Single ventricle physiology (SVP) is one of the most severe forms of complex congenital heart disease (CHD). Patients undergo multiple surgical interventions including the Fontan procedure (caval venous return is routed directly to the pulmonary arteries). Despite the apparent success of the procedure, it is unclear why some patients develop ‘failing Fontan physiology' while others remain asymptomatic. However, there is growing evidence that underlying hemodynamics in the Fontan circulation may play an important role . Uneven distribution of blood from the caval to the pulmonary system has been suspected to influence patient outcome through the delivery of protein-rich venous return . Therefore, the aim of this study was to employ whole heart 4D flow MRI to visualize and quantify ‘blood mixing at the Fontan connection' (upper and lower venous blood distribution to the LPA and RPA).
4D flow MRI (spatial resolution = 2.5-3.8 x 2.5-3.3 x 2.5-3.3 mm3, temporal resolution = 37.6-40.8 ms) with whole heart coverage was performed at 1.5T and 3T systems (Trio, Avanto, Siemens, Germany) in 8 patients (3 females 5 males, age 17 +/- 6, range 5-26) with Fontan circulation. Time-averaged 3D phase contrast angiograms (PC-MRAs) were calculated using 4D flow MRI data to depict the Fontan vascular geometry. Time-resolved particle pathlines were generated from analysis planes in the caval veins to illustrate the spatial distribution and dynamics of blood flow to the left and right lungs (EnSight, CEI, USA). Blood mixing was quantified by counting the number of pathlines reaching analysis planes in the RPA and LPA (Matlab, The MathWorks, USA). In addition, SVC-IVC offsets were estimated as a measure of Fontan geometry.
3D visualization and quantification results for blood mixing at the Fontan connection varied substantially between patients (Figure 1, Table 1). Linear regression analysis revealed a strong correlation between the asymmetry of flow distributions to the RPA and LPA (% difference in pathline distributions to RPA and LPA) and SVC-IVC offsets for both the SVC (r=0.72, p=0.04) and IVC (r=0.79, p=0.02).
Figure 1. The 3D PC-MRA was used to manually position four analysis planes in the Fontan pathway: superior vena cava (SVC), inferior vena cava (IVC), left pulmonary artery (LPA) and right pulmanary artery (RPA). Pathlines were generated from the IVC and SVC and color coded by vessel of origin. For an example patient, the a) PC-MRA and pathlines, b) SVC-IVC offset estimation and c) plane placement for mixing analysis are shown. The d) blood flow pathlines and plane placement for another patient with asymmetric flow distribution are shown for comparison.

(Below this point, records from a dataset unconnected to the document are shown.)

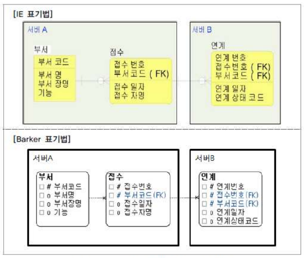 서버 A 에 부서와 접수 테이블이 있고, 서버 B 에 연계 테이블이 있다.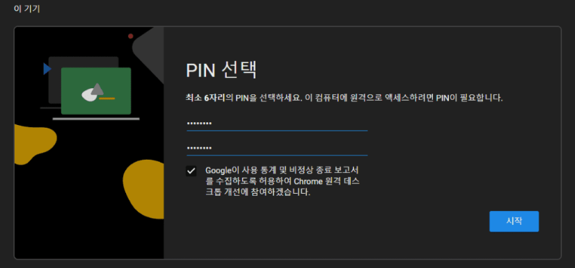 이후부터는 크롬 원격 데스크톱 연결 가능한 컴퓨터 목록을 보고 원하는 기기를 선택 후, 설정했던 PIN 번호를 입력해 시작하면 되는데요.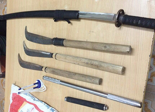 | Các loại vũ khí thu giữ của 4 thanh niên |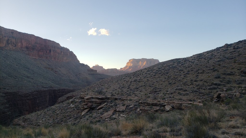 I got a bit ahead of Jordan and ate dinner while I waited for him. Caught a beautiful sunset on the canyon walls. Not quite alpenglow but still a warm pretty color. He caught up and had dinner then we hiked a bit more to a creek where there were a few people camped. It was getting pretty dark by then and we found a pretty good campsite near the creek so we called it a day there. We had initially planned to make it to the Horseshoe camp and the junction with the Grandview Trail but it wasn’t that much further to there. We can definitely knock that out early in the morning. Would give us more time to let cars show up for a hitch too.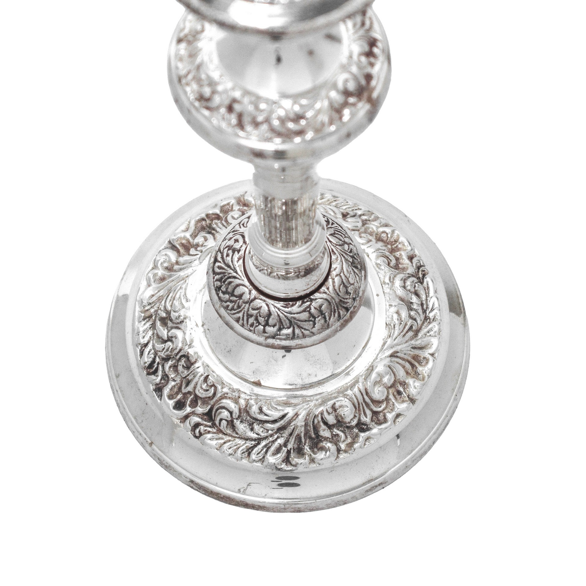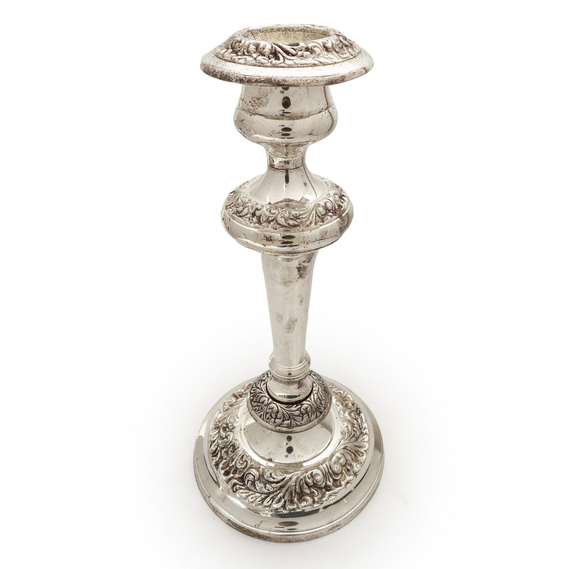 Coppia di candelabri monoforo in sheffield con lavorazione a ramage h cm 27 cadauno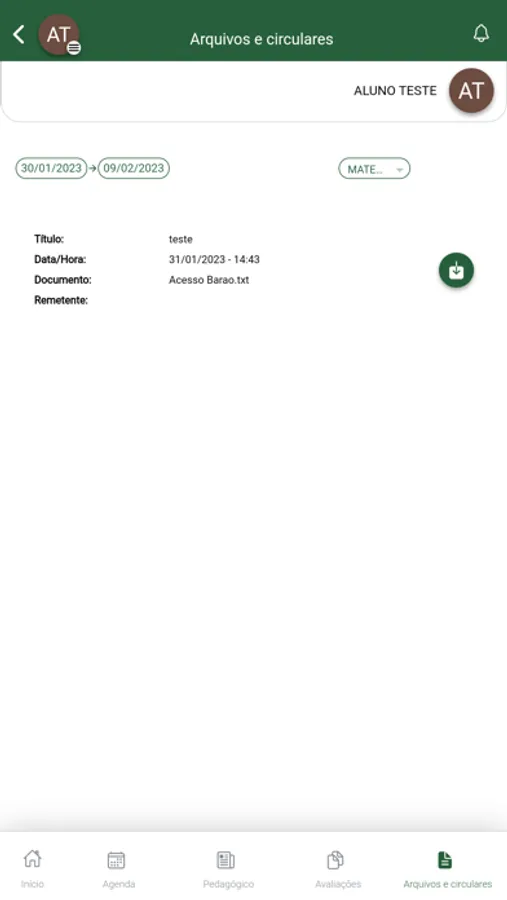 • Consulta dos arquivos e circulares para os alunos baixarem. permitindo consultar no momento que desejar.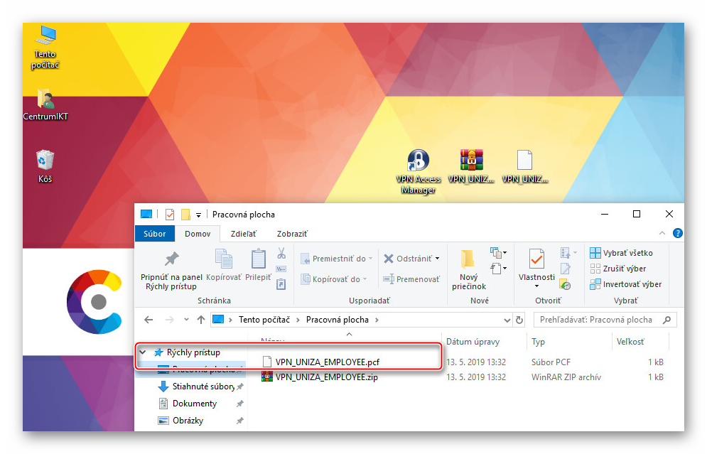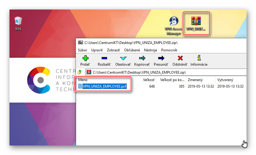 Súbory z archívu rozbaľte napr. pomocou aplikácie WinRAR napr. na plochu vo vašom PC.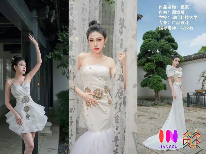 在梁倩婷展现作品中文化交融的同时,闫少石也在鼓励学生用现代语言赋予传统艺术新的生命力。她指导学生将广彩非遗技艺融入服装设计,“通过设计创新,我们希望让非遗传承在日常生活中焕发新活力,以年轻人喜爱的形式延续它的魅力”。这套以广彩元素为核心的服装作品也在紫金奖中国(南京)大学生设计展上广受好评。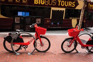 The photograph captures a pair of vibrant red rental bicycles parked against a textured brick sidewalk, with a bus advertising 'BIG BUS TOURS' in the background. The composition contrasts the sleek lines of the bikes with the robust shape of the double-decker bus, evoking a sense of urban adventure. Soft, natural lighting casts gentle shadows, enhancing the inviting yet energetic mood of the scene.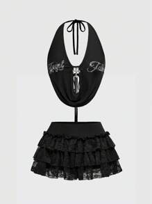 Kawaii Y2K Sexy Rhinestone Embellished Plunging Neck Ultra Short Low Waist Mini Skirt With Criss-Cross Back Bow 2 Pieces Set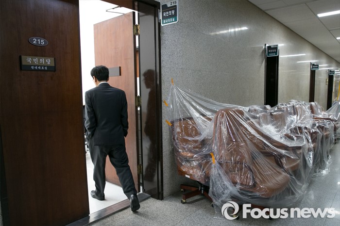 (서울=포커스뉴스) 21일 오전 서울 여의도 국회 본관에서 국민의당 대표실과 원내대표실 등 집무실 공사가 한창 진행되고 있다.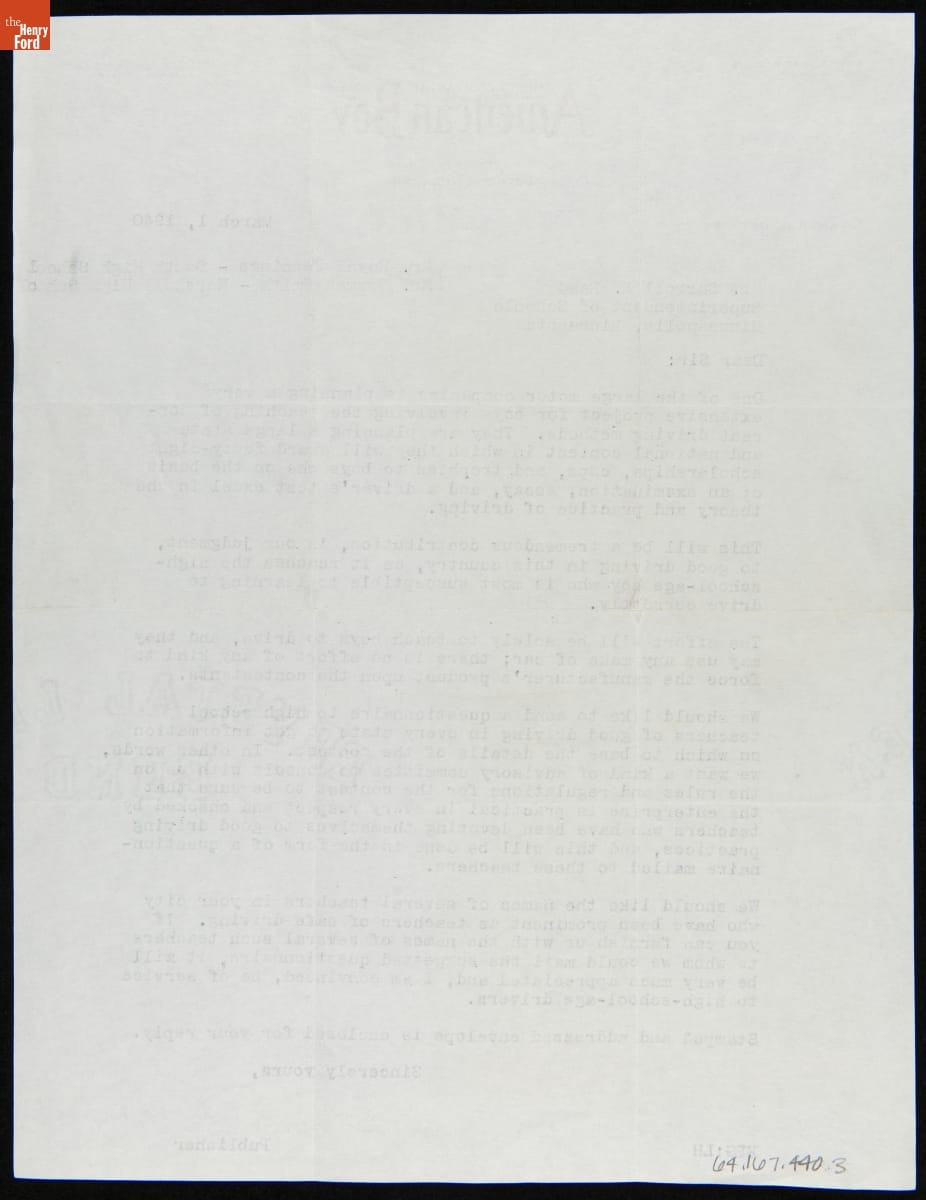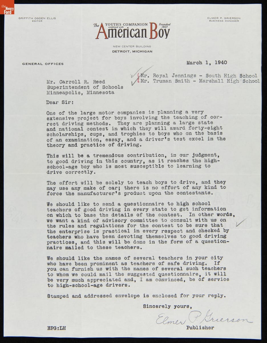 Ford Motor Company created the Ford Good Drivers League in 1940 to promote safe driving habits among high school students. Young drivers would compete in state and national championships, which included a driving test. Elmer Grierson, the publisher of The American Boy magazine, was among the organization's supporters. Grierson reached out to state school systems for advice on structuring the League's driving contests.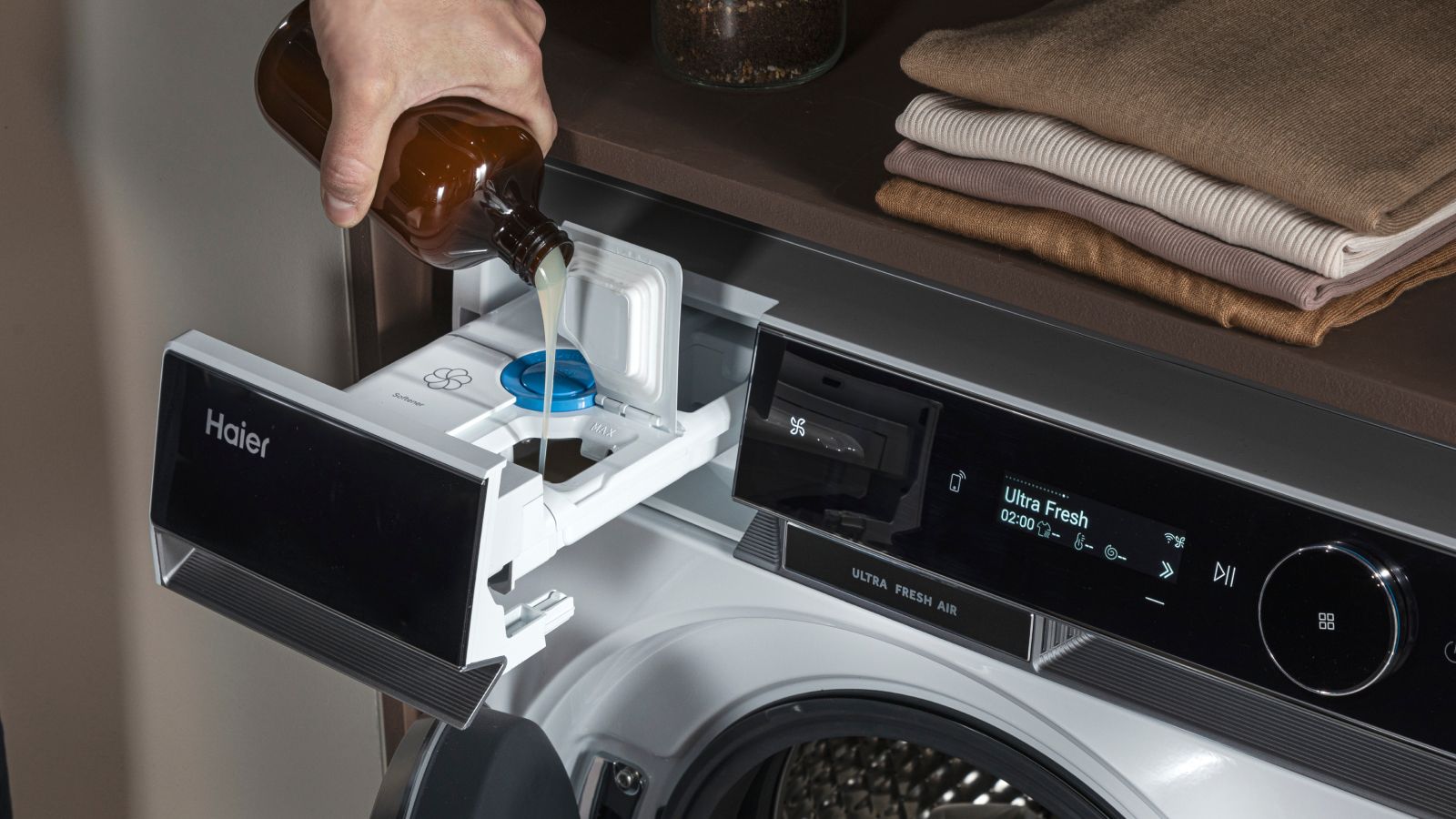 Optimiere den Verbrauch und minimiere die Umweltbelastung mit einem Motor mit langer Lebensdauer und der Energieeffizienzklasse A-40%. Außerdem reduziert Smart Dosing das Nachfüllen von Waschmittel und Weichspüler und ermöglicht es dem Gerät, die richtige Menge an Waschmittel zu verwenden.
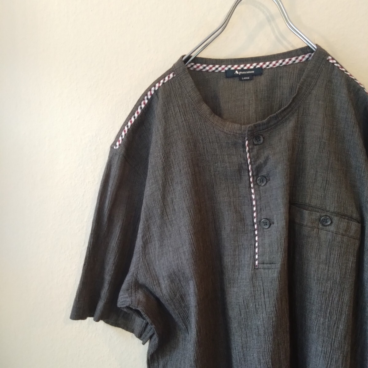 - アクアスキュータム Aquascutum ヘンリーネック カットソー Tシャツ グレー /Y4000
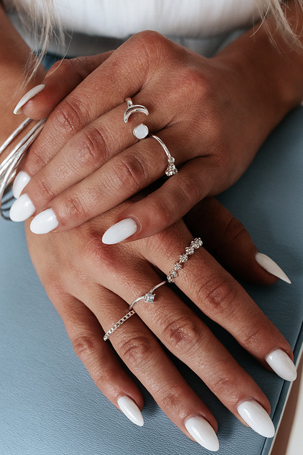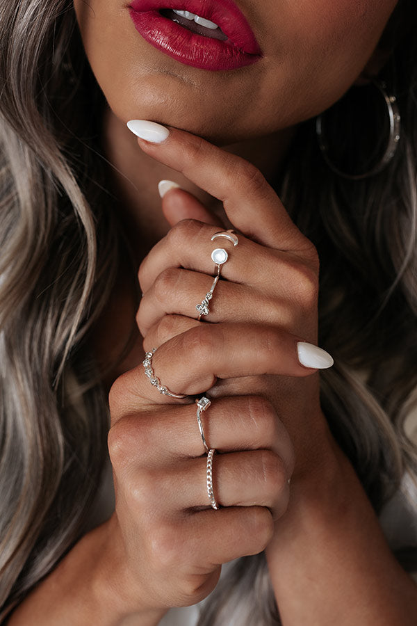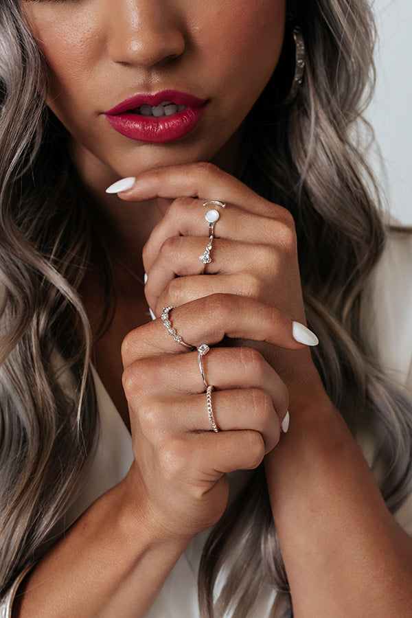 Complete your look in the daintiest of ways with our adorable 'Truly Talented Ring Set' featuring five silver rings with pearl and rhinestone detailing!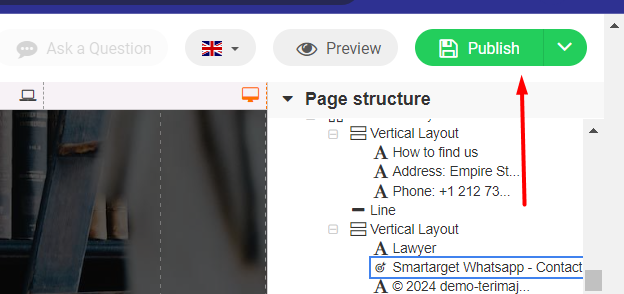 - Setelah itu kllik Publish untuk menampilkan Whatsapp mengambang pada website Anda.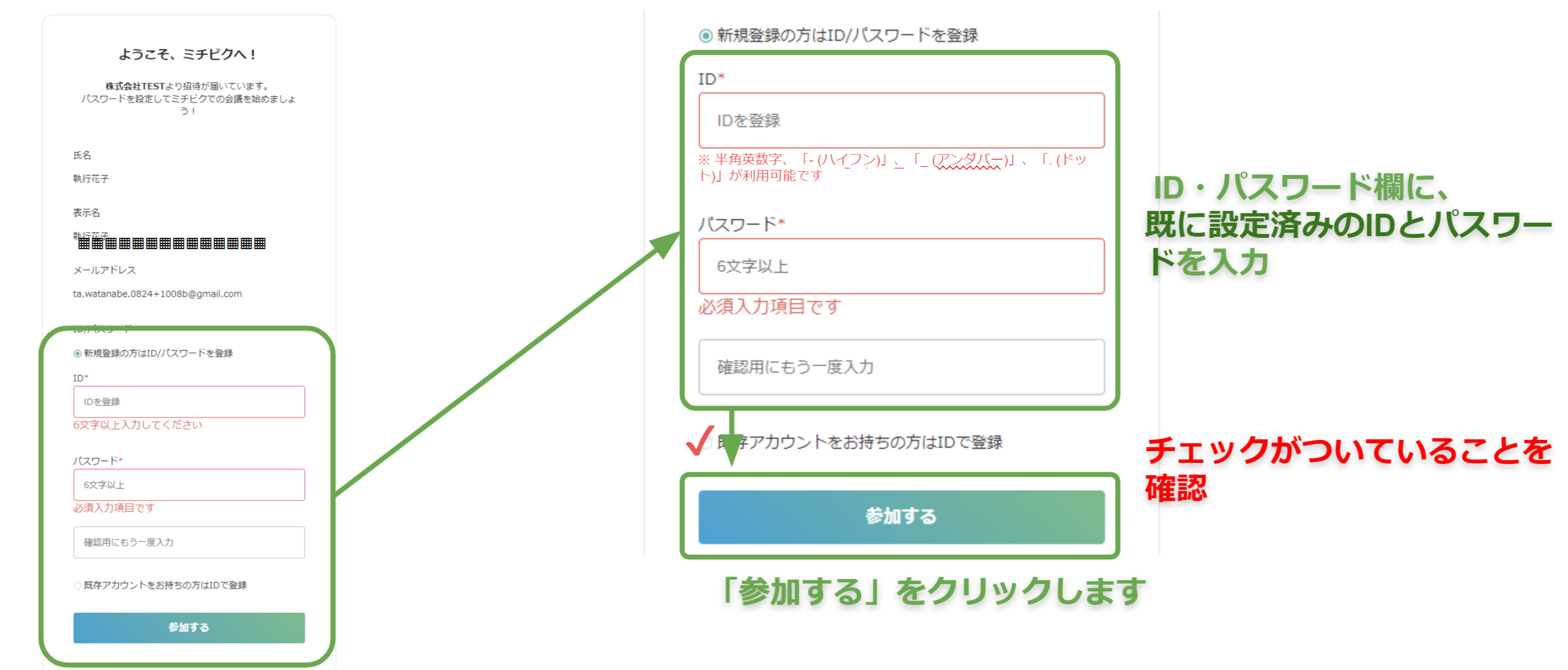 【招待された側が行うこと②】招待メールから「既存のアカウントをお持ちの方はIDで登録」より登録を実施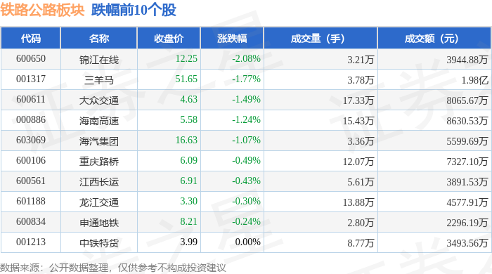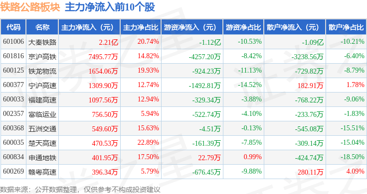 从资金流向上来看,当日铁路公路板块主力资金净流入2.94亿元,游资资金净流出2.07亿元,散户资金净流出8787.85万元。铁路公路板块个股资金流向见下表: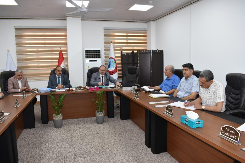 Council of the College/Twentieth MeetingOn the twenty-seventh day of June 2022, the College of Medicine held its twentieth meeting.The Council was chaired by Prof Dr Basil Mohammednathir Saeed, the Dean of the College, and the council was attended by Assistant Prof Dr Humam Gh. Al Zubair, Vice- Dean for Scientific Affairs (Secretary of the Council), Vice- Dean for Administrative Affairs, Assistant Lecturer Dr Karam T. Tawfiq, heads of all departments of the college, and registrar of the college, the representative of the teaching staff and the director of the Quality Division in this college. Before starting its work, the council hosted the initial beneficiaries’ committee for accreditation. The committee members were attended by Dr Qusay Hajim, Nineveh Governor’s Advisor for Technical Affairs and the Director of the Student Affairs and Registration Department at the University of Mosul, Assistant Prof Dr Raqib Hammadi.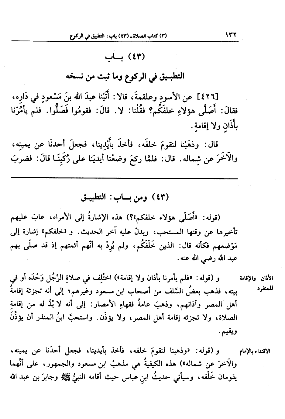 [426]- عَنِ الأَسوَدِ وَعَلقَمَةَ، قَالا: أَتَينَا عبد الله بنَ مَسعُودٍ فِي دَارِهِ فَقَالَ: أَصَلَّى هَؤُلاءِ خَلفَكُم؟ فَقُلنَا: لا. قَالَ: فَقُومُوا فَصَلُّوا، فَلَم يَأمُرنَا بِأَذَانٍ وَلا إِقَامَةٍ.

Table 1. For each patient with Fontan circulation, the number of IVC and SVC pathlines reaching analysis planes in the LPA and RPA were normalized over the total number of pathlines that reached either PA. The percent pathline distribution from the IVC and SVC to the LPA and RPA are shown as well as the SVC-IVC offset estimation. In 5 patients, SVC pathlines indicated flow predominantly to the RPA. In all but one patient, IVC pathlines represented flow predominantly directed toward the RPA.
Using 4D flow MRI, blood flow distribution was shown to vary between patients with Fontan circulation, indicating non-uniformity in the distribution of protein-rich hepatic blood carried in the IVC to the lungs and demonstrating the value of 4D flow MRI for the individual assessment of complex Fontan hemodynamics. These findings also indicate a relationship between Fontan geometry (SVC-IVC offset) and blood distribution to the left and right lungs. This study was limited by the number of subjects and the spatial and temporal resolution. In addition, SVC-IVC offsets are estimates and represent a simplified depiction of the Fontan geometry.
Grant support by NIH R01HL115828, NUCATS Dixon Award.